Senin, 31 Maret 2014

Ballmer promises Office on iPad after touch-first apps hit Windows

Microsoft CEO Steve Ballmer today said that a touch-specific version of Office will, at some point, reach the iPad.
It was the first time that a top-level Microsoft executive publicly promised that the lucrative Office franchise would run as a native app on Apple's iPad.
Ballmer's remarks were made during his time on stage Tuesday at the Gartner Symposium, the research firm's annual IT conference when he was questioned by Gartner analyst David Cearley about Office plans.
"Word, PowerPoint and Excel are all authoring tools," said Ballmer. "They are optimized for use with keyboards and mice. The last time I checked, the iPad didn't have a paradigm for keyboard or mice. iPad will be picked up when we do what I would call not just a touch-enabled, but a touch-first user interface [for Office]. That is in progress...for both Windows 8 and other platforms."
When Cearley lightly pressed Ballmer for a timetable, the CEO laughed and ultimately agreed that it would happen during Cearley's lifetime.
Although Ballmer could not be prodded into revealing a release schedule or price -- or whether it would be, like the bare bones apps for Android smartphones and the iPhone, linked to Office 365 -- his use of the word "iPad" was a first.
Previously, the closest Microsoft crept to a confirmation was last month, when Qi Lu, who leads the new Applications and Services Group, said: "We are working on touch-first versions for our core apps in the Office suite, Outlook, Word, Excel, PowerPoint, and we will bring these apps to Windows devices, and also to other devices ... at a proper timetable." Lu was speaking at the company's Sept. 19 meeting with Wall Street analysts.
Later that same day, Ballmer danced around the issue as he berated a Wells Fargo analyst, saying only, "What I'm telling you is we're going to integrate our services with our devices, [but] we'll also make our services available on other people's devices, both to the consumer and to the enterprise."

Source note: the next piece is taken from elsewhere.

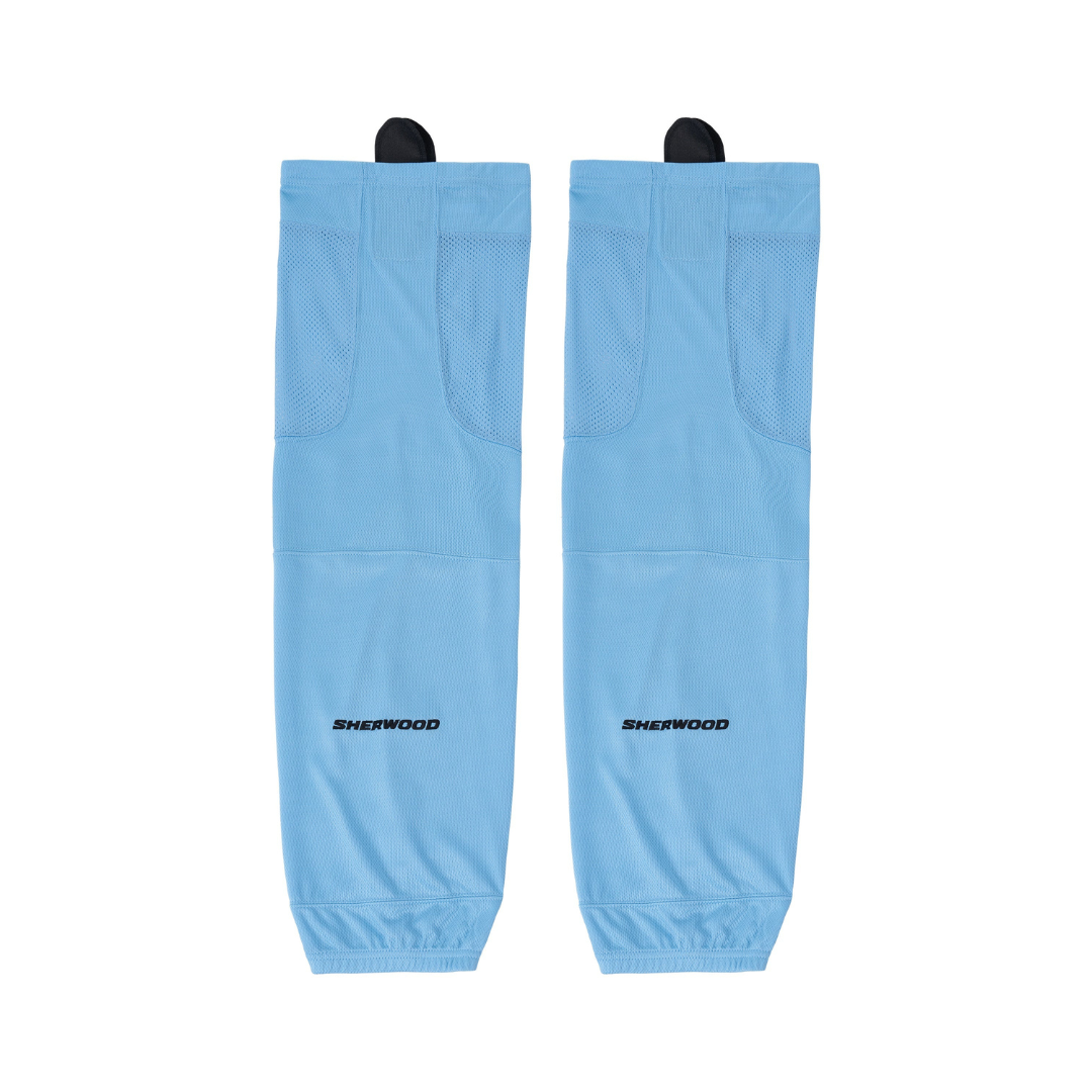 The Sherwood SW150 Hockey Socks are built with high-friction poly microfiber which provides great durability and a lightweight design. These are a great choice for teams looking to outfit the squad for a more affordable price and can be used for games and practices. They have interlock inserts at the thigh and ankles which allow for more mobility, comfort, and abrasion resistance. Mesh panels have been strategically placed behind the knee for added ventilation and they feature an embroidered Sherwood logo on the front for a professional look.

Earlier this year, long-time Microsoft watcher and ZDNet blogger Mary Jo Foley, citing an unnamed source, pegged the long-rumored, long-expected Office for the iPad as appearing in October 2014.
Microsoft has said nothing to confirm or deny that timeline, but Ballmer's comment today -- as well as previous remarks by other company executives -- put Office on iPad's launch after that of the touch-first version's availability on Windows 8.1.
So far, Microsoft has tied its native mobile Office apps -- the ones released for the iPhone in June and Android smartphones in July -- to its software-by-subscription Office 365. While the smartphone apps are free to download, they only work if the user has an active Office 365 subscription. Those subscriptions range from the $100-per-year Office 365 Home Premium aimed at consumers to a blizzard of business plans starting at $150 per user per year and climbing to $264 per user per year.
However, experts have pointed out that there's a big difference between availability on a smartphone, where document editing is nigh impossible, and on tablets, which are much more conducive to content creation. Office on the iPad would be a milestone for Microsoft.
J.P. Gownder of Forrester has estimated that Microsoft could generate $1.5 billion annually from Office on the iPad, assuming just 10% of all iPads were equipped with a $100 Office 365 subscription.